Kinnell makes several claims related to alleged violations of state law, including 1) deficiencies in the criminal information; 2) improper use of a previous Kansas conviction to enhance his sentence;(4) and 3) improper jury instructions. However, § 2254 federal habeas corpus relief is available only to those held in state custody in violation of federal constitutional or statutory law; it is not available to remedy alleged violations of state law. See Estelle v. McGuire, 502 U.S. 62, 67-68 (1991); Jackson v. Shanks, 143 F.3d 1313, 1317 (10th Cir.), cert. denied, 119 S. Ct. 378 (1998). Therefore, we lack jurisdiction to consider such claims. Kinnell also alleges violations of his Fourth Amendment right to and expectations of privacy in his locked car, and he complains that the state court failed to exclude the property seized. Inasmuch as Kinnell was afforded the opportunity for a full and fair review of the search and his claim for exclusion, both in his state court trial and on direct review, this claim may not be invoked again in a federal habeas proceeding. Stone v. Powell, 428 U.S. 465, 489-90 (1976); Miranda v. Cooper, 967 F.2d 392, 401 (10th Cir. 1992). Finally, Kinnell appears to argue ineffectiveness of his trial counsel. To the extent Kinnell claims ineffectiveness related to his current case,(5) the record clearly indicates that he insisted on proceeding pro se, and his counsel was appointed in a stand-by position only, to be available only upon his request. Since Kinnell points to no instance in which he either made such a request, or his counsel offered deficient advice without being requested, he has failed to make any showing of ineffectiveness.

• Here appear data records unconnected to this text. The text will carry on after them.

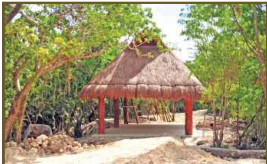
La construcción de palapas se realizó en armonía con el medio ambiente.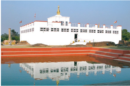
ประสูติ (ลุมพินี)

สังเวชนียสถาน ท่านละ 22,000 บาท (9คืน 11วัน) บินตรงยกยา 29,000 พักวัด+โรงแรม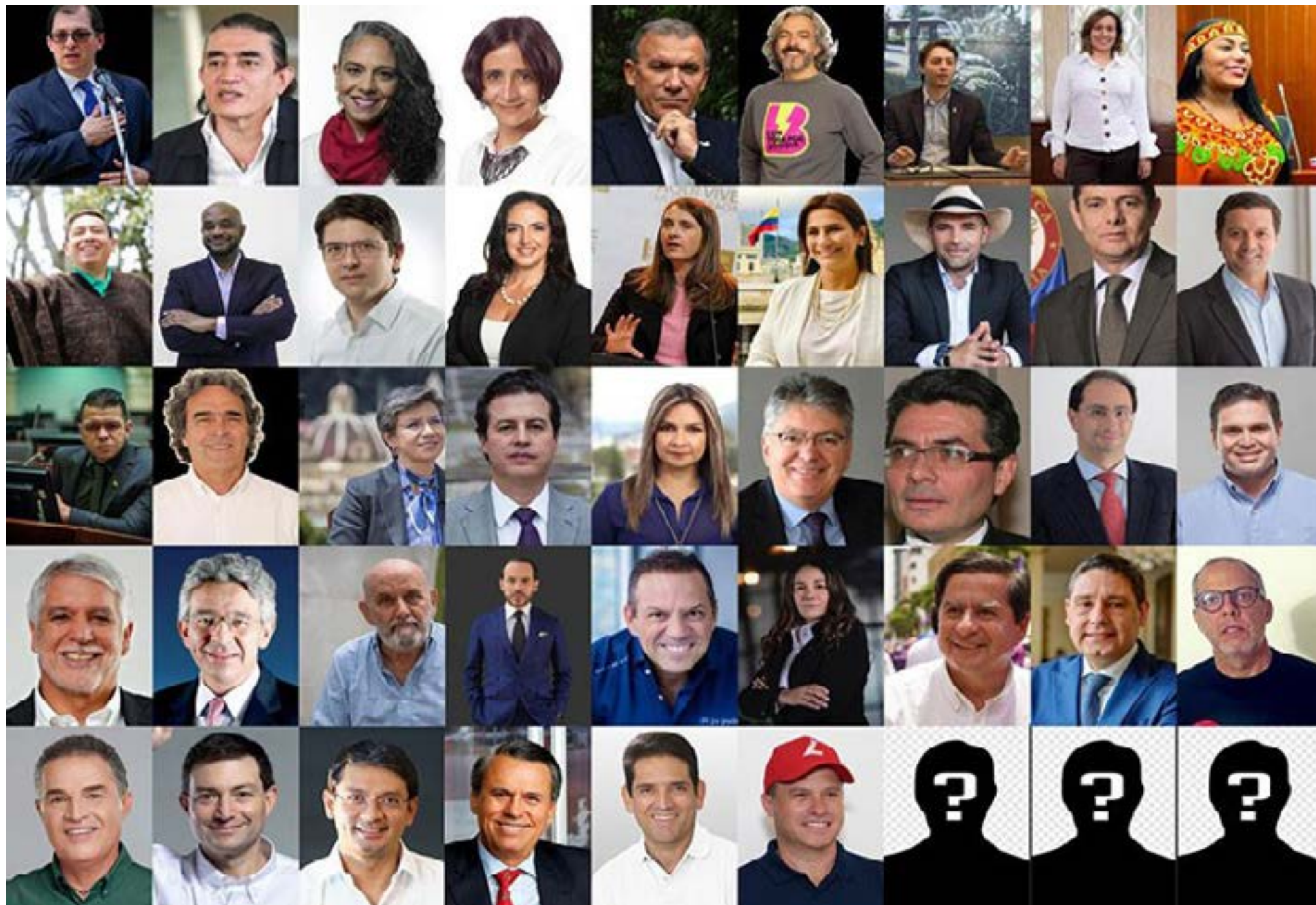
Todos los días aparecen nuevos precandidatos

Because Kinnell has failed to make a substantial showing of the denial of a constitutional right, see 28 U.S.C. § 2253(c), we DENY his application for a certificate of appealability and DISMISS his appeal.

ENTERED FOR THE COURT

Stephen H. Anderson

Circuit Judge


FOOTNOTES
Click footnote number to return to corresponding location in the text.

*.This order and judgment is not binding precedent, except under the doctrines of law of the case, res judicata, and collateral estoppel. The court generally disfavors the citation of orders and judgments; nevertheless, an order and judgment may be cited under the terms and conditions of 10th Cir. R. 36.3.


1.Although Kinnell casts No. 99-3097 as a request for mandamus, that characterization does not circumvent our consideration of his appeal under 28 U.S.C. § 1915(g), since the action is plainly in the nature of a civil claim for money.

2.As we stated in a recent unpublished opinion, "Rolly O. Kinnell is well known to this court." Kinnell v. State of Kansas, No. 98-3225, 1999 WL 26875 *1 (10th Cir. Jan 15, 1999) (noting that at least four of his recent appeals have been dismissed as frivolous, and three others have been summarily affirmed).

3.While Osborn concerned our review of the district court's decision on the merits, in this case we are reviewing a dismissal for failure to exhaust. Nonetheless, noting that this is the second time Kinnell attempts to appeal the district court's dismissal, in the interest of judicial efficiency and notwithstanding the procedural differences, we exercise our discretion under Osborn to address Kinnell's substantive legal arguments.

4.To the extent that Kinnell claims a Sixth Amendment violation (that his prior 1977 state court conviction resulted from ineffective assistance of counsel), he has failed to obtain any relief from that 1977 conviction, and therefore we find no constitutional violation resulting from the use of that conviction at sentencing. See Custis v. United States, 511 U.S. 485, 497 (1994).

5.It is not entirely clear whether Kinnell's conclusory ineffectiveness claim relates to his present case or to his 1977 previous conviction which was used to enhance his current sentence.